**WORK INSTRUCTIONS:** Please reproduce the listing in its entirety, exactly as written, but without images.

**SOURCE MATERIAL:**

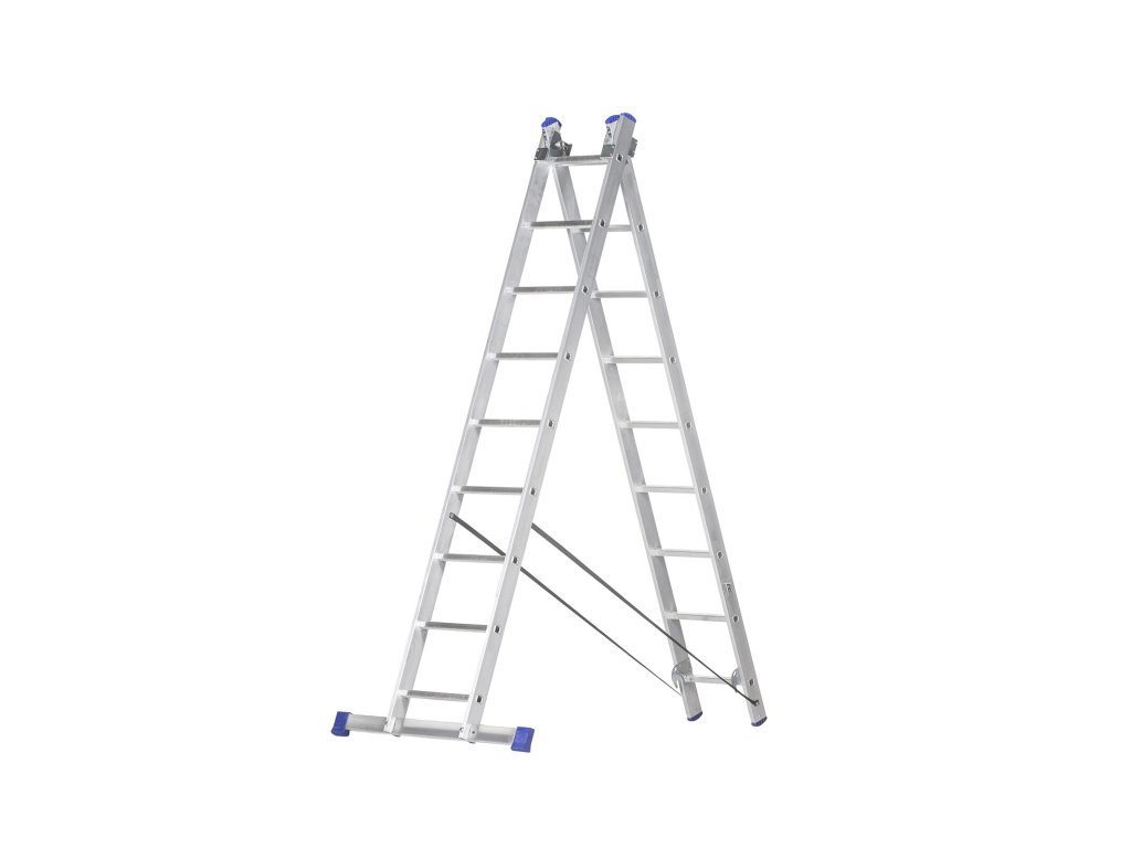 Žebřík Al, univerzální, 2dílný, 9 příček, 2,43 / 3,99 m, VHR H 2x9, nosnost 150 kg, ELKOP.
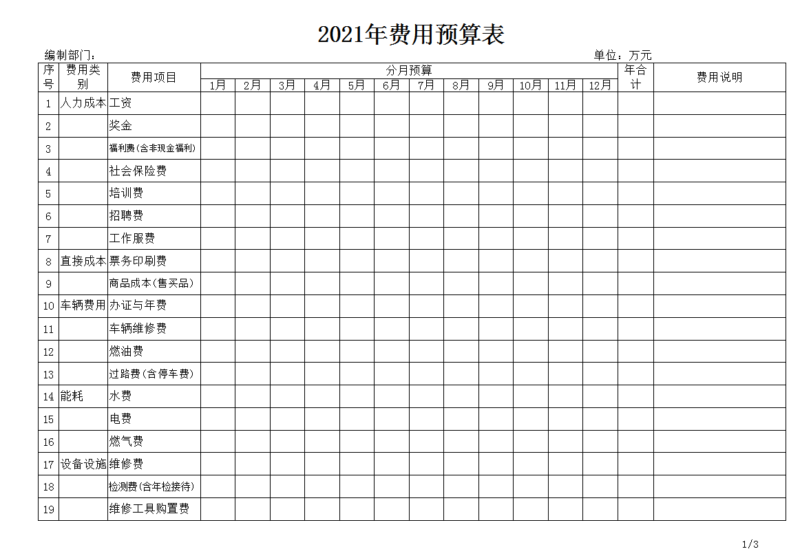 年度费用预算表-模板-
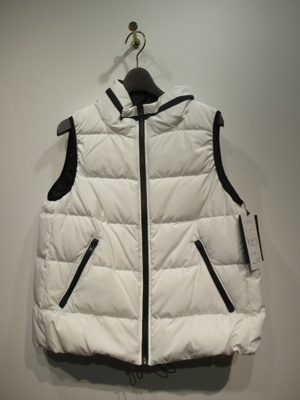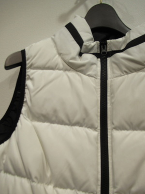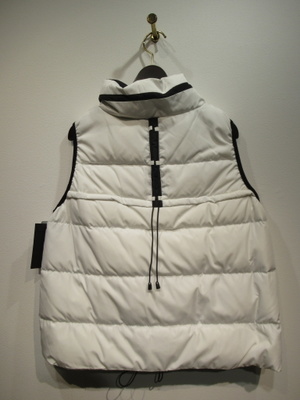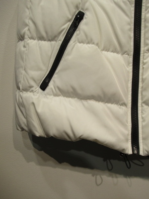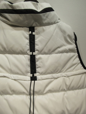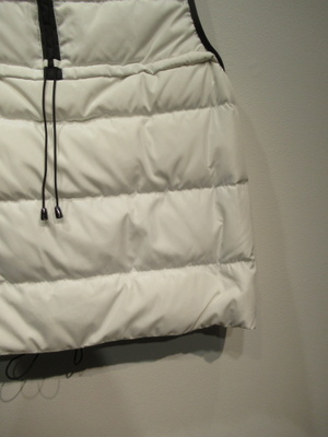 ダウンベスト、裾ドロスト、前ファスナー、後ろ飾りの紐あり

**SOLUTION FOR THIS TASK:**
 Žebřík Al, univerzální, 2dílný, 9 příček, 2,43 / 3,99 m, VHR H 2x9, nosnost 150 kg, ELKOP.
 年度费用预算表-模板-
 ダウンベスト、裾ドロスト、前ファスナー、後ろ飾りの紐あり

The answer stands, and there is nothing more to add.